At its last meeting, the Fed held rates steady - but more officials are now signaling they'd support hiking instead of cutting. New Chairman Kevin Warsh made it clear: price stability is the priority. Strong economic data is backing him up.

"Fed repricing, together with resilient US macro data, has played the primary role in pushing gold lower," wrote Deutsche Bank analyst Michael Hsueh.

Gold doesn't pay interest. When rates stay high - or go higher - bonds and savings accounts look better by comparison. Money flows out.

The support beams are cracking

Gold usually has three things holding it up: investors buying ETFs, Chinese imports, and central banks.

Two of those are crumbling.

ETF investors have been selling. Hsueh called the usual support from gold-backed funds "notably absent." In China, gold is trading at a discount to US prices - a signal that imports won't be the demand driver they've been in the past.

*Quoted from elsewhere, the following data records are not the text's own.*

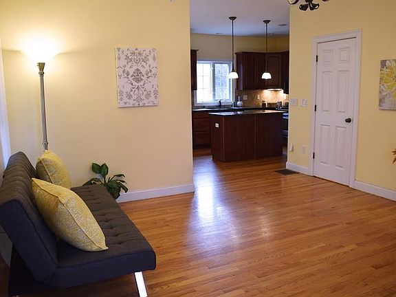 Gorgeous three level Townhome with 3 bedrooms and 2.5 bath located in the Fort Pond Brook Condominium community! This end unit offers an open and modern floor plan with high ceilings, tall windows and recessed lights throughout. Other highlights include hardwood flooring through the first level and second floor hallway, and high quality Berber carpeting in the bedrooms.The kitchen features high-end stainless steel appliances, cherry finish cabinets, granite counter tops, hanging pendent lights over the island, porcelain tile backsplash, and under cabinet lighting. On the second floor, you will find two generous sized bedrooms, a full bath, and a laundry room.The master suite is located on the third floor along with his and hers walk-in closets, a full bathroom. Outside you will find plenty of opportunities for entertaining or relaxing on the farmer's porch or the private stone patio. The walking distance to commuter rail to Boston, shops, Children's Museum and restaurants is a bonus!
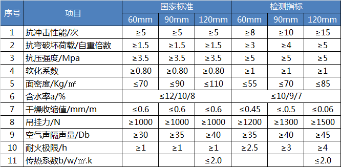 內(nèi)墻專用技術(shù)指標(biāo)
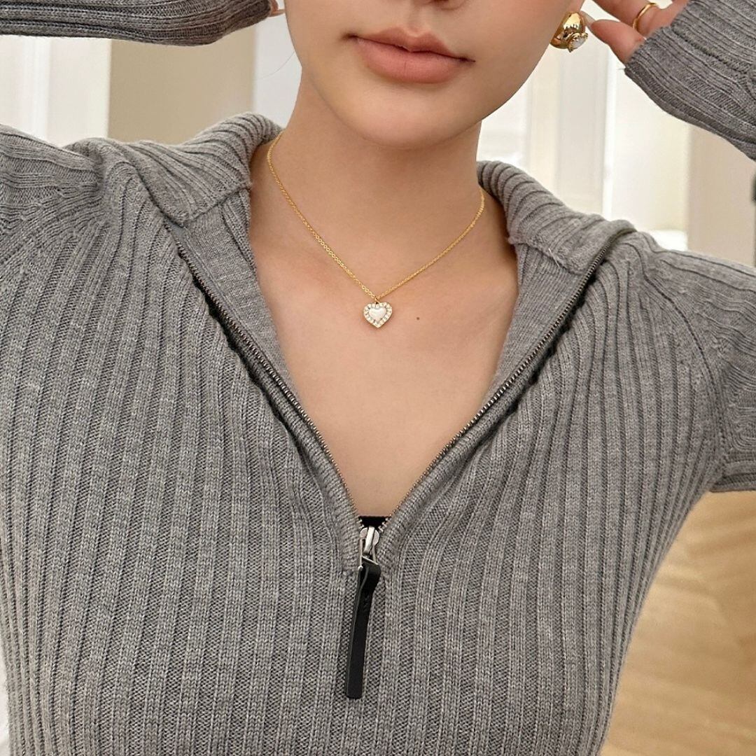 キラキラ輝くチェーンに、可愛らしいハートモチーフが煌めくデザインです。

Central banks are the one pillar still standing. "We expect this to be the case for some time to come," Hsueh said. But one buyer isn't enough to hold up a market when everyone else is heading for the exit.

What to watch

Deutsche Bank's fourth-quarter target of $4,800 assumes the Fed holds rates steady. If the central bank hikes three or four times instead, Hsueh says gold could drop to around $3,800.

That's another 7% down from here - and a long way from the $5,600 champagne days of January.

Silver is feeling it too. The cheaper metal dropped as much as 5% on Tuesday, amplifying gold's move as it tends to do.

For now, the safety trade isn't feeling very safe.